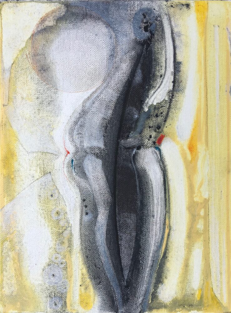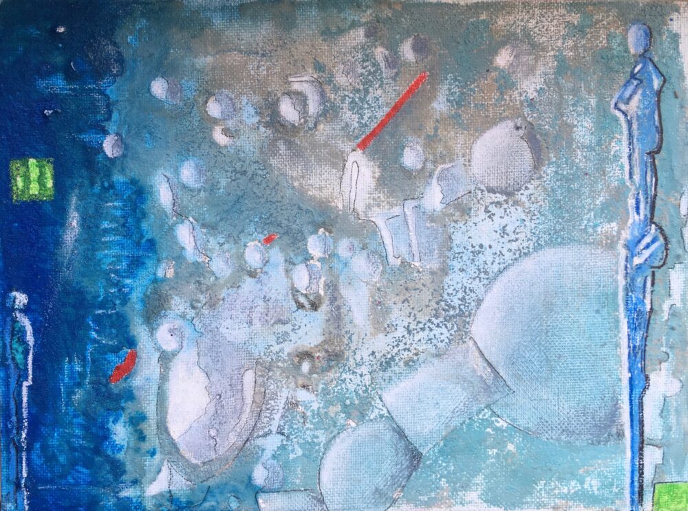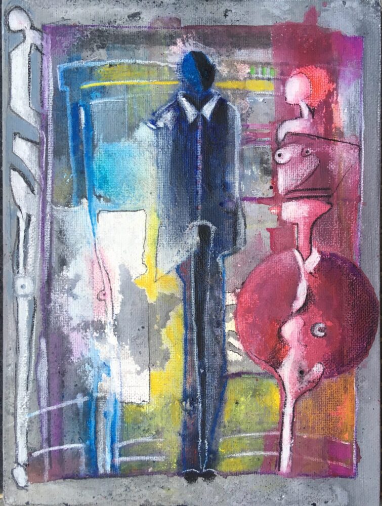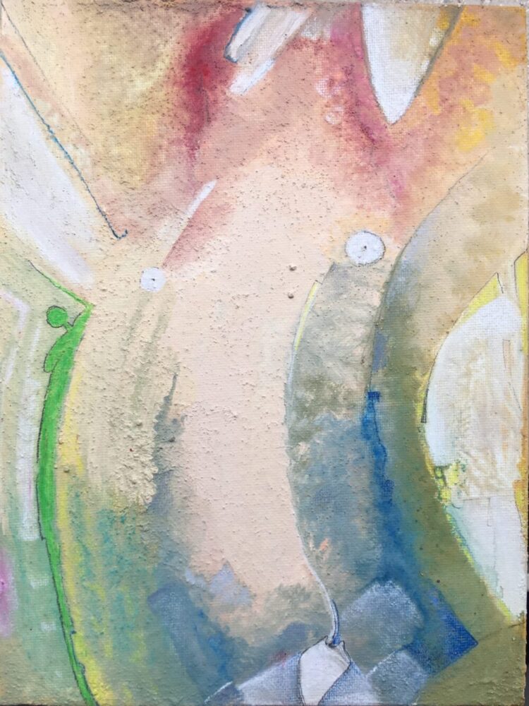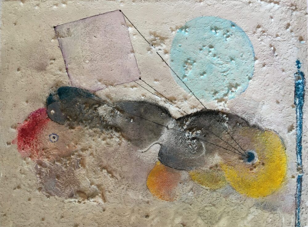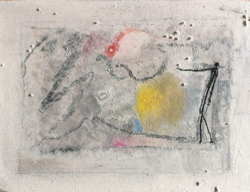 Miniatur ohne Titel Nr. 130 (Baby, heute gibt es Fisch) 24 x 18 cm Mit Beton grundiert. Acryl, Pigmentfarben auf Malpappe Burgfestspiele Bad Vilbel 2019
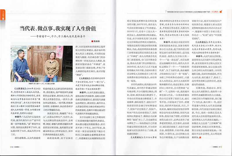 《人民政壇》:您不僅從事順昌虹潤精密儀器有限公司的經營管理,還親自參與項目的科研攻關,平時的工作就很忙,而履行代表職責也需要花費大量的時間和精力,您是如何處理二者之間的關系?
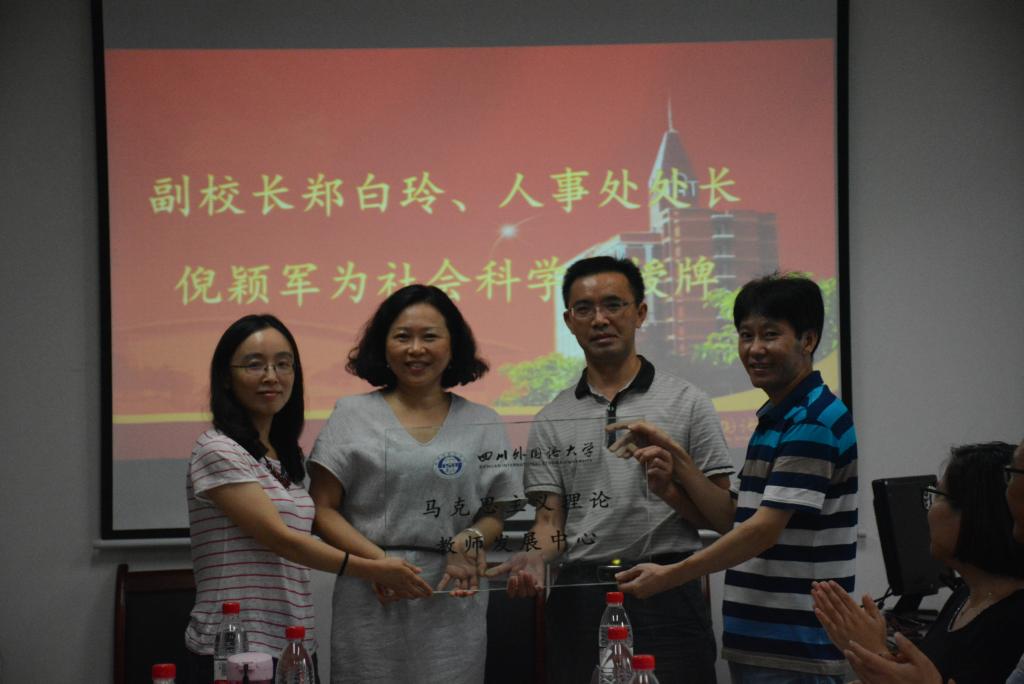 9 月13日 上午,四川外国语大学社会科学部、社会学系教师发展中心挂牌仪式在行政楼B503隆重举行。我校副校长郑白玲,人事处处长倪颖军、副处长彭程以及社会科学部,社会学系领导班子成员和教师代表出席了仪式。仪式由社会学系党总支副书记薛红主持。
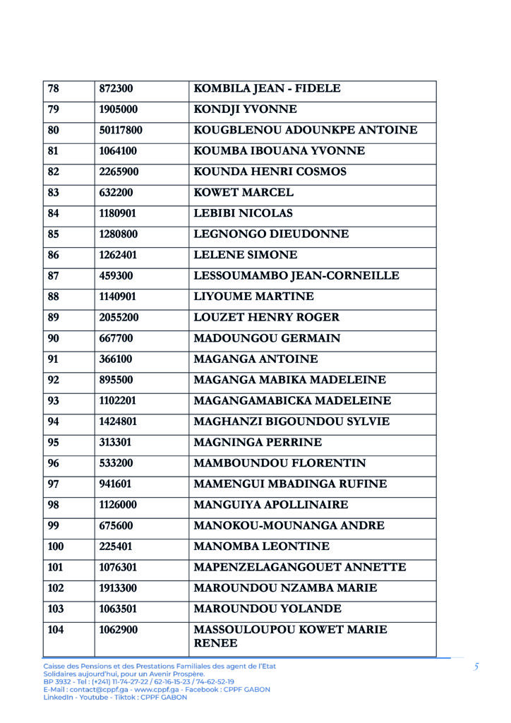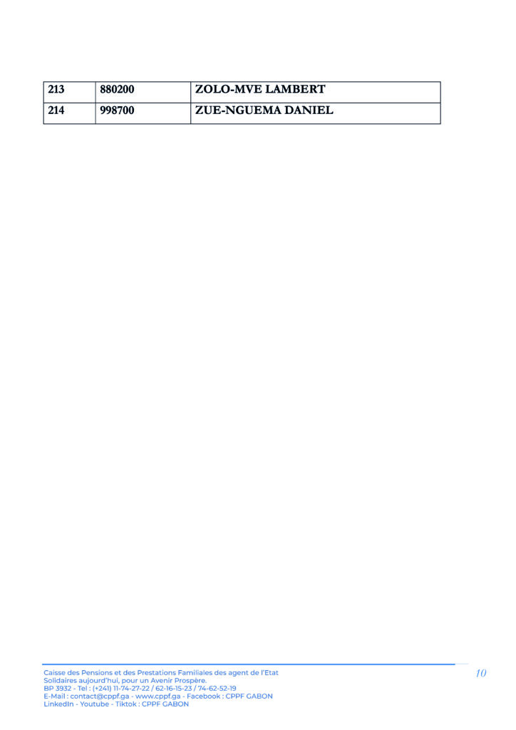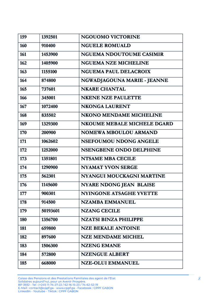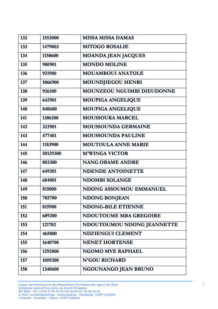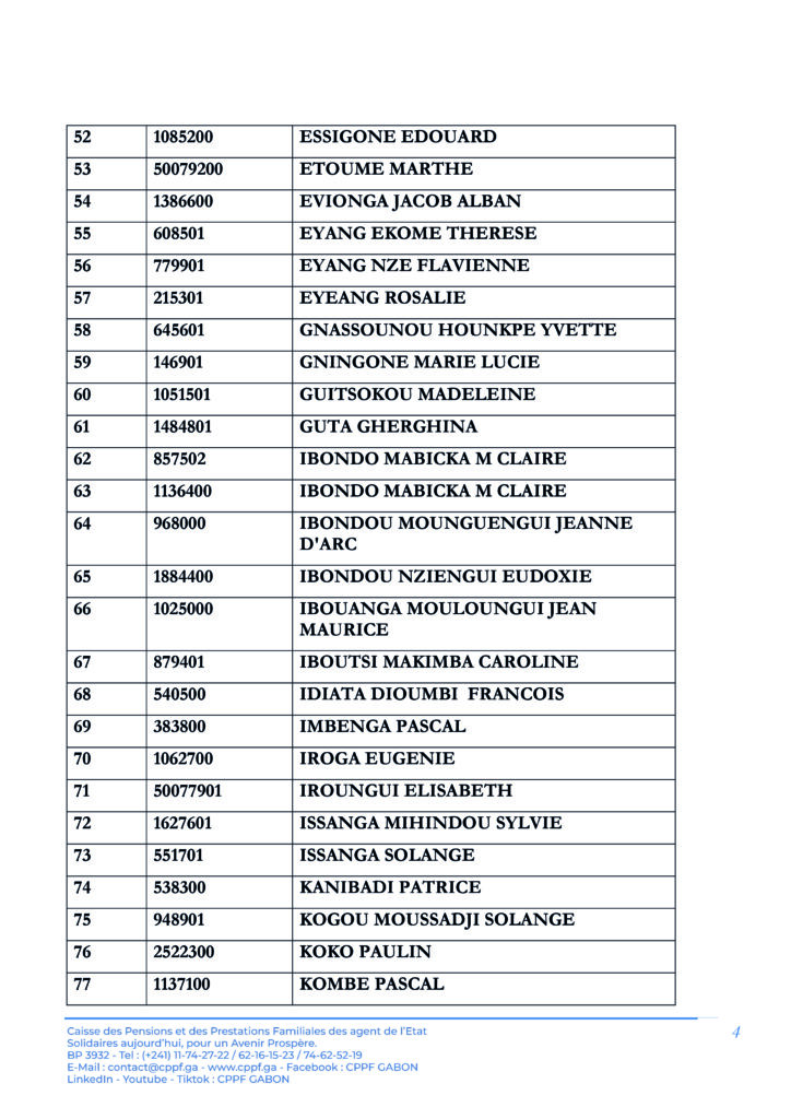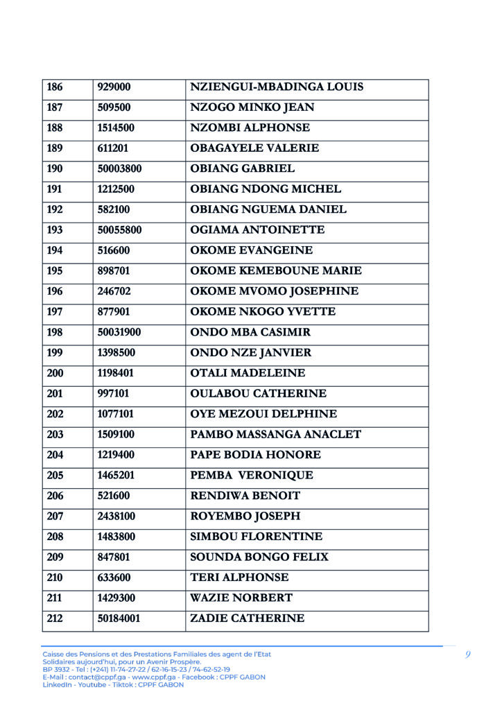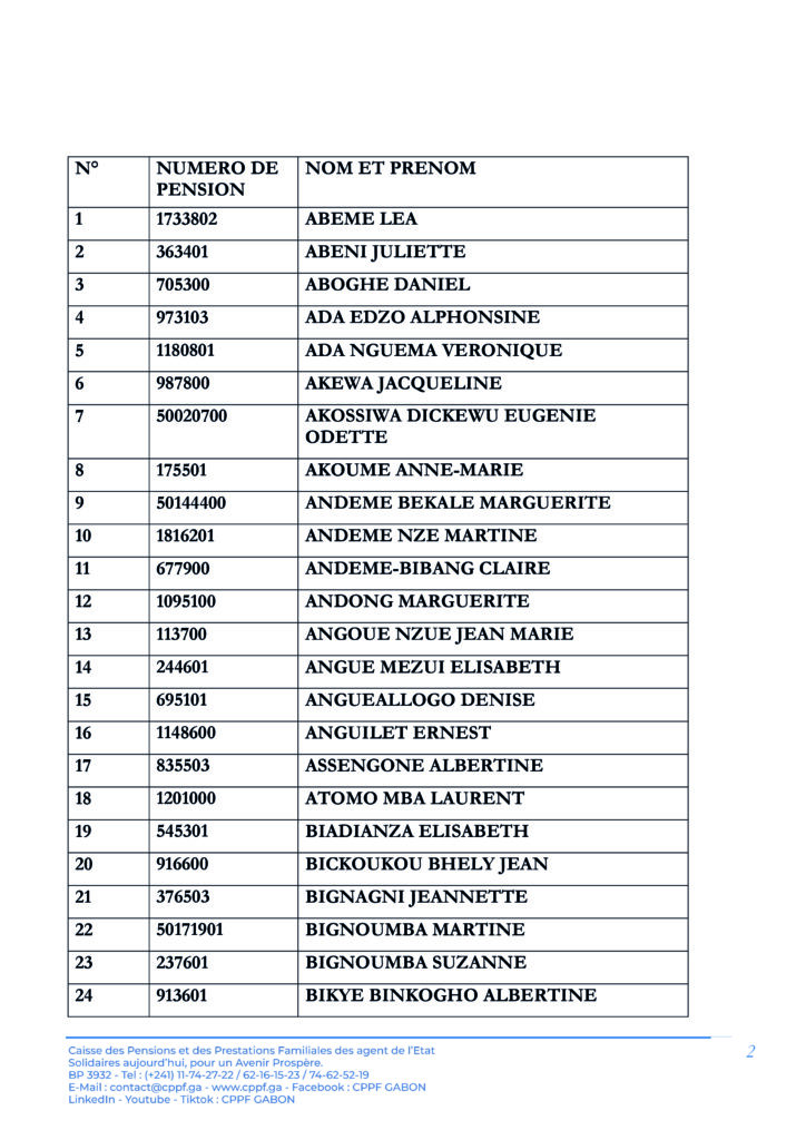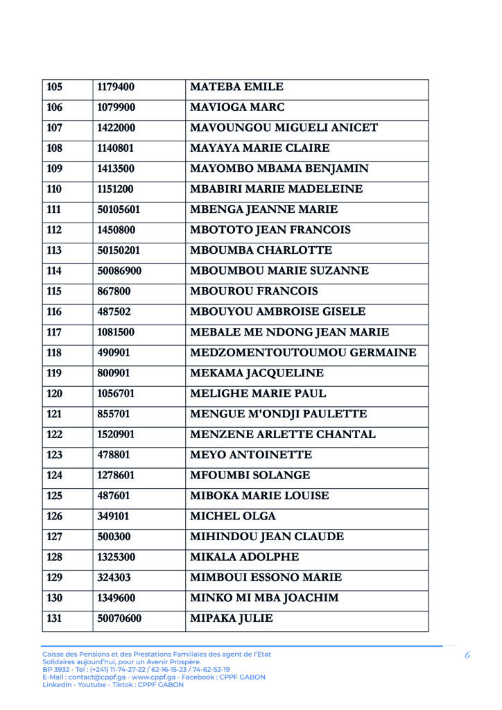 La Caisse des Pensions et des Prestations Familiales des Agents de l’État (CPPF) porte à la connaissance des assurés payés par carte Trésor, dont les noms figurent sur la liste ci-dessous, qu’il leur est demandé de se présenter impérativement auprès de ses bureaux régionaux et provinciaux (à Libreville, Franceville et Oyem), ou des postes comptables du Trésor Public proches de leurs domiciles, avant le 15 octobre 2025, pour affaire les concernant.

----

WHAT TO WORK ON: Reproduce the lines above letter for letter. The pictures stay behind.

SOLUTION:
 Miniatur ohne Titel Nr. 130 (Baby, heute gibt es Fisch) 24 x 18 cm Mit Beton grundiert. Acryl, Pigmentfarben auf Malpappe Burgfestspiele Bad Vilbel 2019
 《人民政壇》:您不僅從事順昌虹潤精密儀器有限公司的經營管理,還親自參與項目的科研攻關,平時的工作就很忙,而履行代表職責也需要花費大量的時間和精力,您是如何處理二者之間的關系?
 9 月13日 上午,四川外国语大学社会科学部、社会学系教师发展中心挂牌仪式在行政楼B503隆重举行。我校副校长郑白玲,人事处处长倪颖军、副处长彭程以及社会科学部,社会学系领导班子成员和教师代表出席了仪式。仪式由社会学系党总支副书记薛红主持。
 La Caisse des Pensions et des Prestations Familiales des Agents de l’État (CPPF) porte à la connaissance des assurés payés par carte Trésor, dont les noms figurent sur la liste ci-dessous, qu’il leur est demandé de se présenter impérativement auprès de ses bureaux régionaux et provinciaux (à Libreville, Franceville et Oyem), ou des postes comptables du Trésor Public proches de leurs domiciles, avant le 15 octobre 2025, pour affaire les concernant.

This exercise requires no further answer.